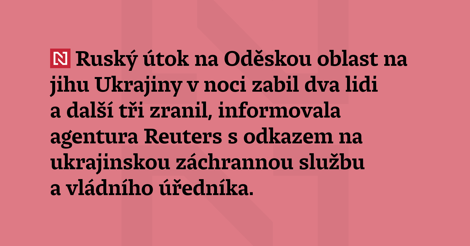Ruský útok na Oděskou oblast na jihu Ukrajiny v noci zabil dva lidi a další tři zranil, informovala agentura Reuters s odkazem na ukrajinskou záchrannou službu a vládního úředníka. Dva lidé zemřeli, když ruský dron dopadl na odpočívadlo pro nákladní automobily a způsobil požár, oznámila služba na Telegramu. Ministr infrastruktury Oleksij Kuleba na Telegramu sdělil, že Rusko zaútočilo na přístavní […]
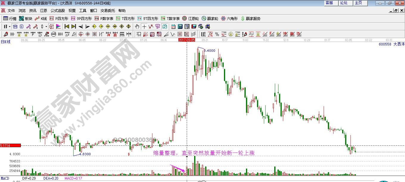 2. 洗盘结束之前成交量会有缩量再放量的特征,部分主力在洗盘中会将股价控制在一个相对狭窄的区间反复震荡整理,这期间成交量会明显缩减,直至某一天成交量放大,就说明主力洗盘结束,即将开始新的上涨行情。
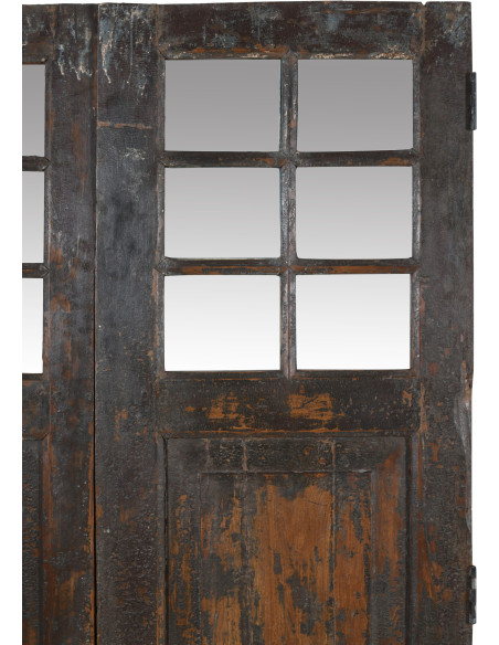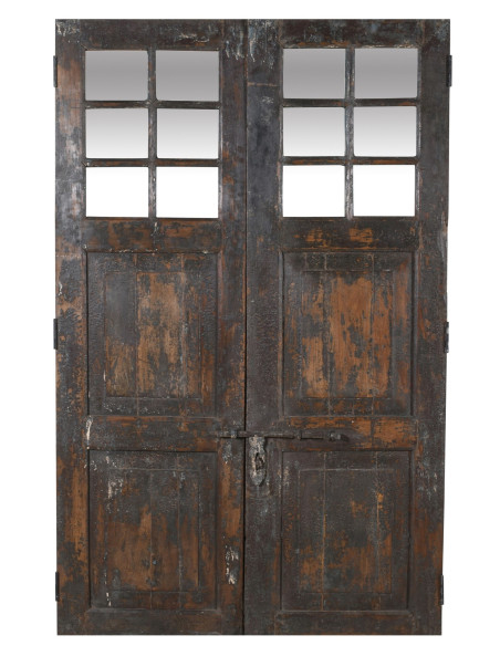 Врата от масивно дърво и желязо за вътрешна или външна употреба, стара и антична средновековна, със стъкло
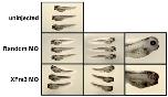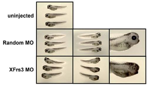 Supplement Fig. 7. XFrs3 MO inhibits eye development. XFrs3 or control random MO (7.5 pmole each/embryo) was injected into one dorsal blastomere at 4-cell stage, and the embryos are photographed at stage 40. The left most row shows uninjected side and the second row shows the injected side. The third row shows the injected side of representative embryo at higher magnification.

☆ ☆ ☆ ☆ ☆

:: WHAT YOU ARE ASKED TO DO ::
Return all of the lines above without alteration, minus the pictures.

:: ANSWER SPACE ::
Ruský útok na Oděskou oblast na jihu Ukrajiny v noci zabil dva lidi a další tři zranil, informovala agentura Reuters s odkazem na ukrajinskou záchrannou službu a vládního úředníka. Dva lidé zemřeli, když ruský dron dopadl na odpočívadlo pro nákladní automobily a způsobil požár, oznámila služba na Telegramu. Ministr infrastruktury Oleksij Kuleba na Telegramu sdělil, že Rusko zaútočilo na přístavní […]
 2. 洗盘结束之前成交量会有缩量再放量的特征,部分主力在洗盘中会将股价控制在一个相对狭窄的区间反复震荡整理,这期间成交量会明显缩减,直至某一天成交量放大,就说明主力洗盘结束,即将开始新的上涨行情。
 Врата от масивно дърво и желязо за вътрешна или външна употреба, стара и антична средновековна, със стъкло
 Supplement Fig. 7. XFrs3 MO inhibits eye development. XFrs3 or control random MO (7.5 pmole each/embryo) was injected into one dorsal blastomere at 4-cell stage, and the embryos are photographed at stage 40. The left most row shows uninjected side and the second row shows the injected side. The third row shows the injected side of representative embryo at higher magnification.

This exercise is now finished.